By Ian King
Oct. 9 (Bloomberg) -- Micron Technology Inc., the largest U.S. producer of memory chips, will cut about 2,850 jobs over the next two years and reduce production in an industry glut.
The cuts represent about 15 percent of its global workforce of 19,000. Micron will stop producing memory for digital cameras and mobile phones at its Boise, Idaho, headquarters, according to a statement today.
Tumbling prices have driven Micron to losses totaling $1.9 billion in the past two years. Memory-chip manufacturers have built too many production lines and are flooding the market with products that sell for less than they cost to produce.
``Any move to reduce global supply is welcome, but it's not a big swing,'' said Kevin Vassily, a Pacific Crest Securities analyst in Portland, Oregon. ``It will be helpful for these guys, though.'' He rates Micron ``sector perform'' and doesn't own it.
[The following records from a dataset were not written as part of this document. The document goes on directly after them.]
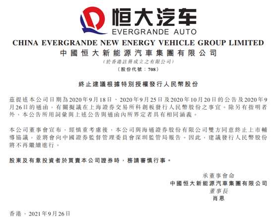 摘要: 恒大汽車發(fā)布公告,茲提述本公司日期為2020年9月18日、2020年9月25日及2020年10月20日的公告及2020年9月26日的通函,有關(guān)擬議在上海證券交易所科創(chuàng)板發(fā)行人民幣股份之事宜。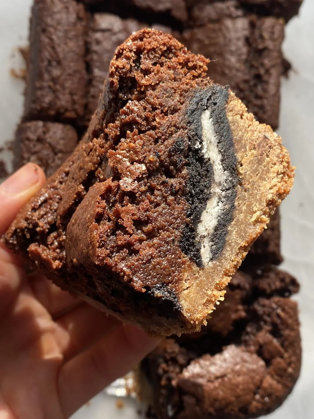 The base of the brownies is cookie dough then Oreos then brownie batter. If you wanted, you could also add chocolate chips or sprinkles to the brownie batter.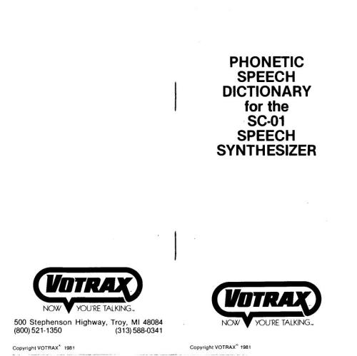 فرهنگ لغت گفتار آوایی برای SC-01 Speech Synthesizer |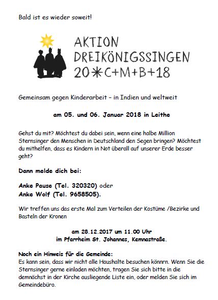 Es gibt ein Treffen am Donnerstag, 28.12.2017, von 11-12.30 Uhr im Pfarrheim. Hierzu laden wir alle Kinder, Jugendlichen und Erwachsenen ein, die mitmachen wollen (und auch alle, die erst mal gucken wollen und sich noch nicht sicher sind). An diesem Tag gibt es alle wichtigen Infos, außerdem zeigen wir einen Film über die Aktion. Die Kinder basteln ihre Königskronen und bekommen ihre Königsgewänder. Ab 12.30 Uhr können die Kinder abgeholt werden oder selbst nach Hause gehen. Die HelferInnen bitten wir, dann noch etwas zu bleiben, damit wir noch Absprachen treffen können.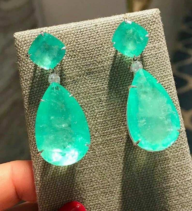 Natural Glowing Emerald Duplet Earring 14K Gold Luxury Jewelry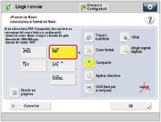 → [Llegir i enviar] → especifiqueu la destinació → premeu el botó Format de fitxer.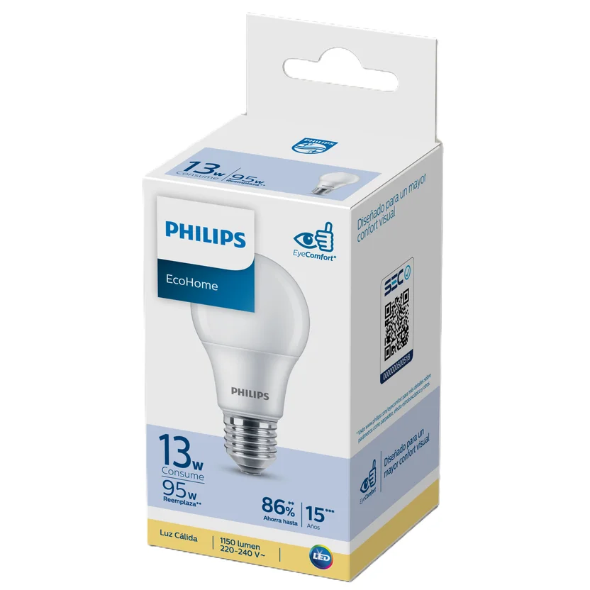 Iluminá tus espacios con la Lámpara LED ECO de 13 W con luz cálida E27 de Philips. Esta lámpara es perfecta para crear un ambiente relajante y acogedor en cualquier habitación. Con su diseño moderno y eficiente, es la opción ideal para reemplazar tus antiguas bombillas incandescentes y ahorrar energía.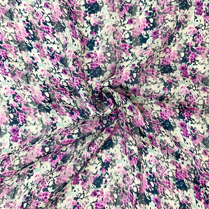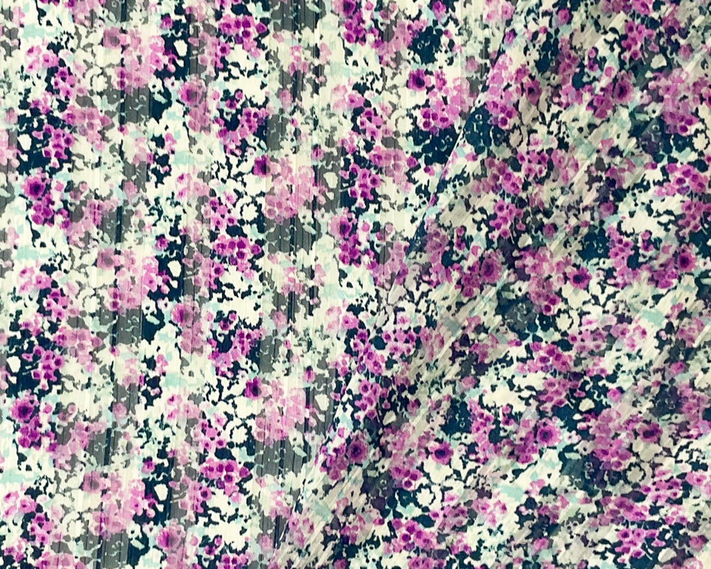 Purple-Multi Poly Floral Print Satin Stripe Chiffon Woven Fabric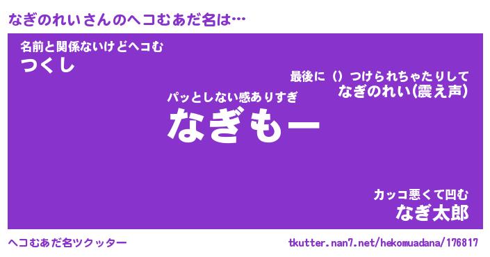 | 意味不明あだ名 | 『ペロリンなぎのれい』 |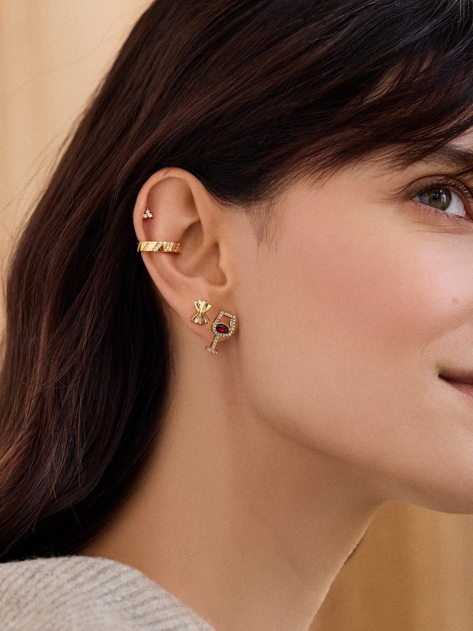 Carb lovers. this one’s for you. Our Endless Pastabilities Earring Set includes pave wine glasses paired with bowtie pasta stud earrings. The wine glasses are crafted with dainty stones to resemble your favorite red wine. Fastened with post back closures. mix and match these gems to represent your everyday pasta cravings. Please note this only comes with two sets of earrings. the red wine and bowtie pasta.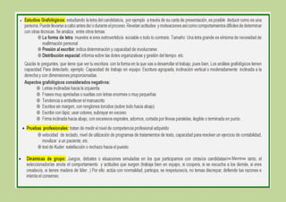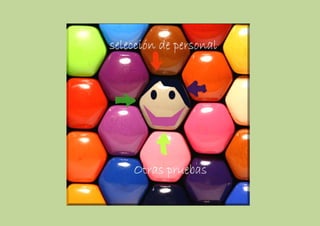 Este documento proporciona información sobre el proceso de selección de personal, incluyendo ejemplos de diferentes tipos de pruebas y exámenes que se utilizan, como exámenes de conocimientos, aptitudes intelectuales y tests de personalidad. También incluye enlaces a páginas web donde se pueden encontrar tests adicionales de forma gratuita para practicar y prepararse para el proceso de selección.

Micron rose 1 cent to $3.88 at 4 p.m. on the New York Stock Exchange. The stock has lost 46 percent this year.
The reduction will cost $60 million and lead to savings next year of about $175 million. Micron, which produces so-called Nand flash memory for cameras and other portable devices in a joint venture with Intel Corp., will continue making such chips in its other locations.
Plunging Prices
``The selling price of Nand has reached a price where, even if there was a rebound in selling prices, this capacity would never be profitable again,'' said Chief Executive Officer Steve Appleton in an interview today. ``The market is oversupplied.''
The closure won't have an impact on the joint venture with Intel, Chief Operating Officer Mark Durcan said. Micron and Santa Clara, California-based Intel operate plants in Lehi, Utah, and Manasas, Virginia, that produce the chips.
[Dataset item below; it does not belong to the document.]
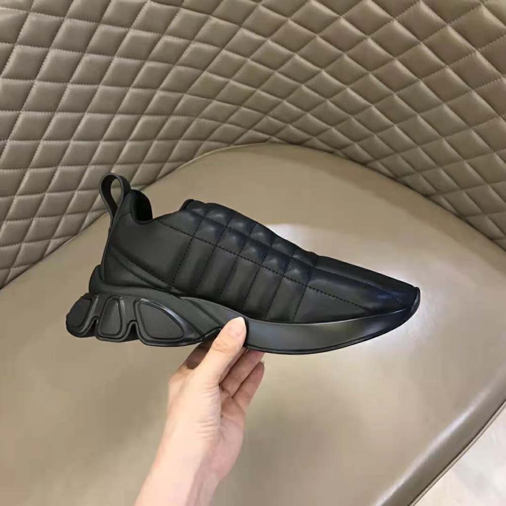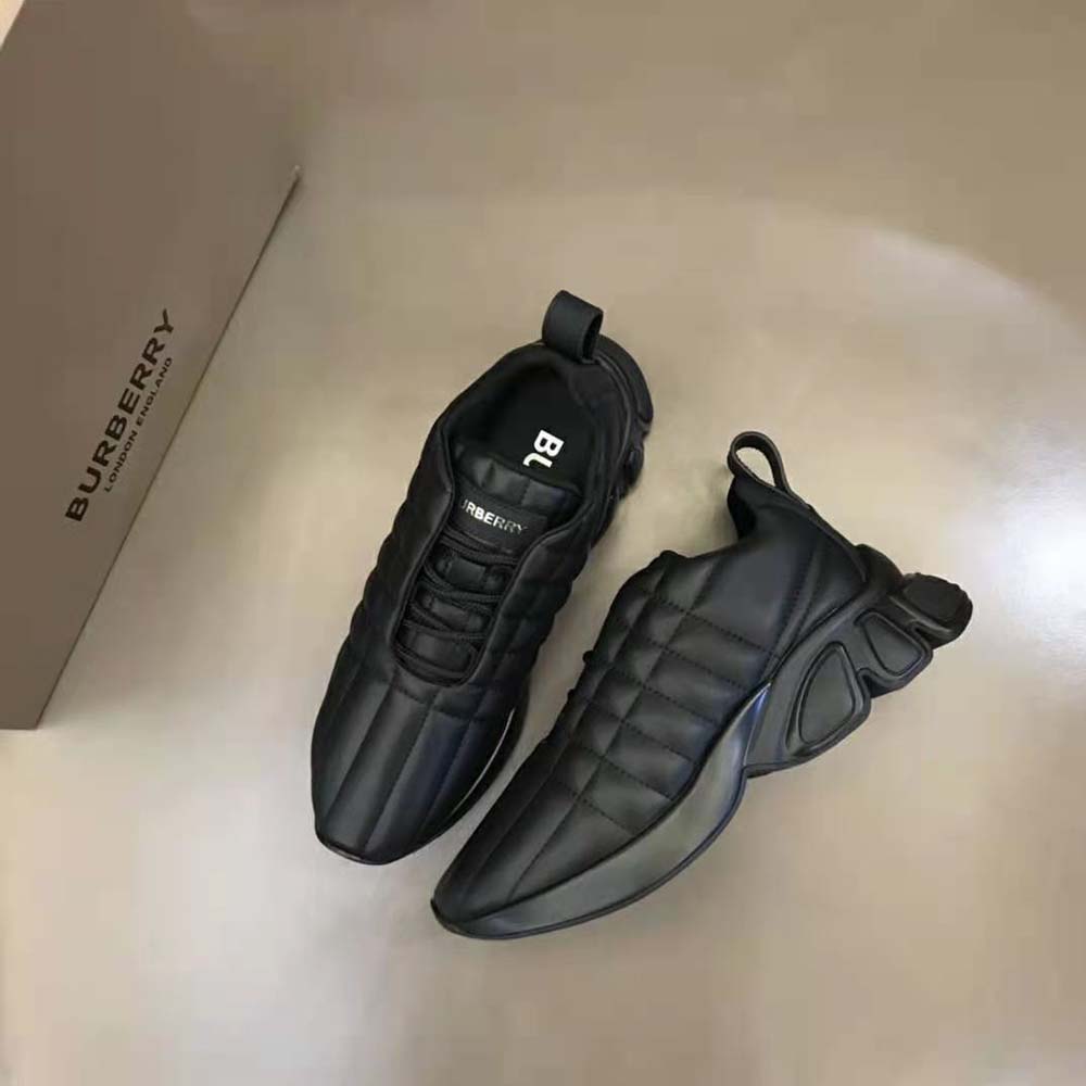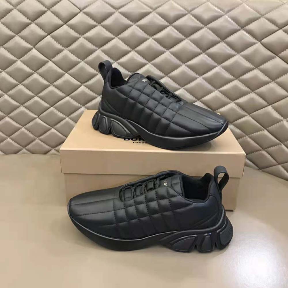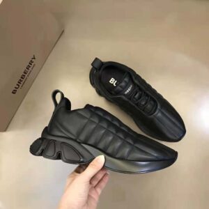 - Patch with Burberry lettering at tongue, raised Burberry lettering at heel

The Boise factory uses 200-millimeter wafers, while newer plants use 300-millimeter ones. The location, with 9,000 workers, accounts for 15 percent of Micron's Nand output, Durcan said.
Micron has reported seven annual losses in the past 11 years as memory-chip makers struggle to match the introduction of plants with short-term fluctuations in demand. The factories cost more than $3 billion and take more than a year to build.
The cost to restart plants is so high that manufacturers run them 24 hours a day, even when spot market prices are less than the price of production.
This month, Micron said its loss in the fourth quarter ended Aug. 28 widened to $344 million from $158 million a year earlier. The company is also being hit by weak pricing for its main product, dynamic random access memory, or DRAM, which provides the main memory in personal computers.
If prices stay at current levels, DRAM chips will sell for as much as 20 percent less in the first quarter than they did in the fourth, Mark Adams, Micron's head of sales, said on a conference call with analysts Oct 1. Prices of Nand chips are on course to drop as much as 35 percent, he said.
Micron competes with South Korea's Samsung Electronics Co., the largest maker of both types of memory chips, as well as Hynix Semiconductor Inc. and Japan's Toshiba Corp.